Weekly Intelligence Brief #2

DeepSeek V4 challenges Western compute assumptions. New Delhi rewrites AI governance rules. Washington turns chip denial into managed access. Five developments shaping the global technology competition this week.

The most important developments in the Tech Cold War this week — across AI, chips, critical minerals, defence tech, quantum, space, and more.
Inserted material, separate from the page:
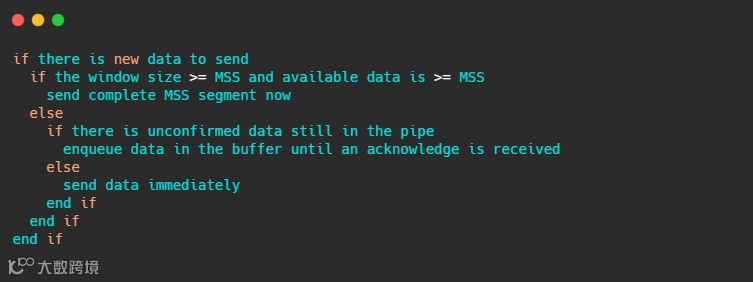 简单的说就是当前能发送的数据和窗口大于等于 MSS 就立即发送,否则再判断一下之前发送的包 ACK 回来没,回来再发,不然就攒数据。
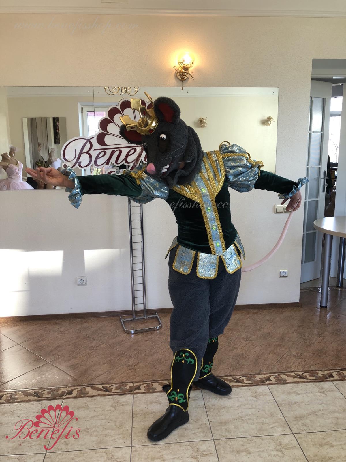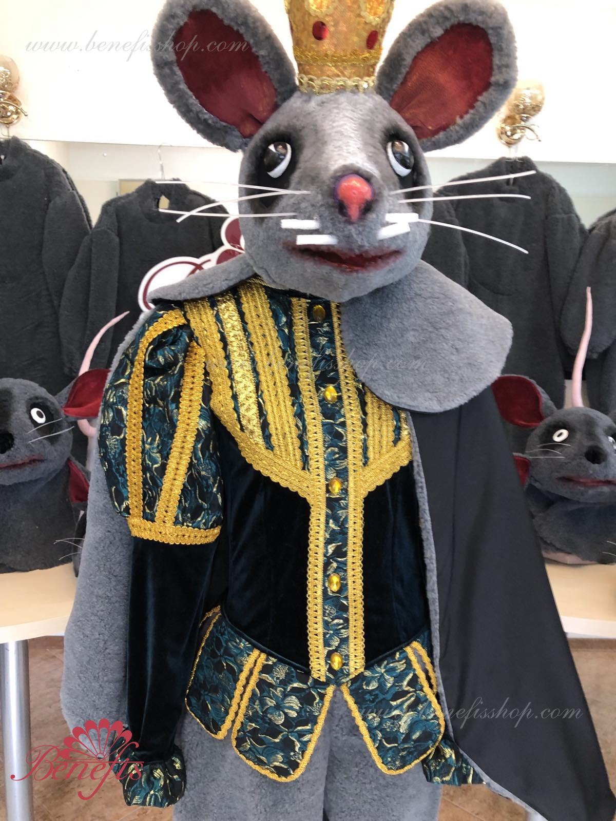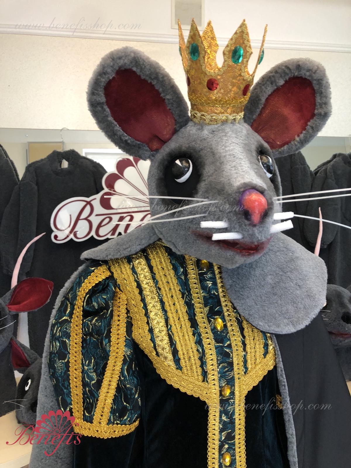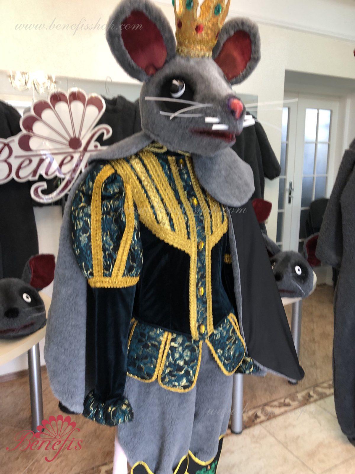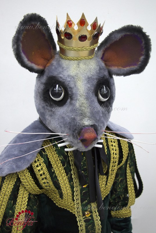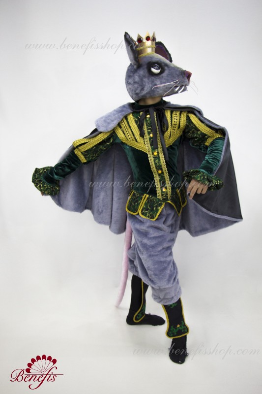 Detalii costum: guler, pelerină, pantaloni scurți, ghetre, Mască de blană cu coroană atașată cu pietre. Țesături precum brocart bogat imprimat și catifea semi-elastică sunt utilizate pentru colier. Jacheta este decorată cu panglică de aur și butoane, țesăturile de blană sunt de asemenea folosite în costum, care dau costumului o imagine de scenă a unui șobolan pentru balet, "Spărgătorul de nuci".

AI: Global South Enters the AI Governance Arena

The India AI Impact Summit, held in New Delhi from 16 to 20 February, marked the first time a global AI summit was hosted outside the Western bloc. The rebranding from "AI Safety" to "AI Impact" reflects the position of developing nations that they will no longer accept governance frameworks designed exclusively in Washington, Brussels, or Beijing. Over one hundred countries sent delegations. Sundar Pichai, Sam Altman, and Dario Amodei were all present. French President Macron used the visit and the opening of the India-France Year of Innovation 2026 to finalise a 114-aircraft Rafale deal with India, a reminder that AI summits now serve as venues for broader strategic dealmaking.

The competition for influence over how artificial intelligence is governed, deployed, and monetised runs through New Delhi as much as it runs through Silicon Valley or any other town in the globe.

Why it matters: The Global South's entry into AI governance reshapes the playing field. Nations controlling large populations and fast-growing digital economies will be increasingly assertive in setting the terms of AI adoption.

AI: DeepSeek V4 and the Efficiency Doctrine

While there are on going discussion on the DeepSeek V4 release date, it seems that the Company has begun rolling out V4 capabilities, with rumors of silent upgrades for selected users to a one-million-token context window and an updated knowledge cutoff. The architectural core is the Engram Conditional Memory system, which separates static knowledge retrieval from dynamic reasoning using O(1) hash lookups — a structural departure from how Western frontier models handle information. Internal benchmarks suggest V4 outperforms leading Western models on coding tasks at a fraction of the inference cost, continuing the pattern established when DeepSeek R1 triggered a one-trillion-dollar tech stock selloff in January 2025. The model is expected to be released as open-weight under an Apache 2.0 licence, designed to run on consumer-grade hardware. This approach is aimed, not expressly but de-facto, to challenge the Western AI strategy assumption that restricting China's compute access would slow its progress.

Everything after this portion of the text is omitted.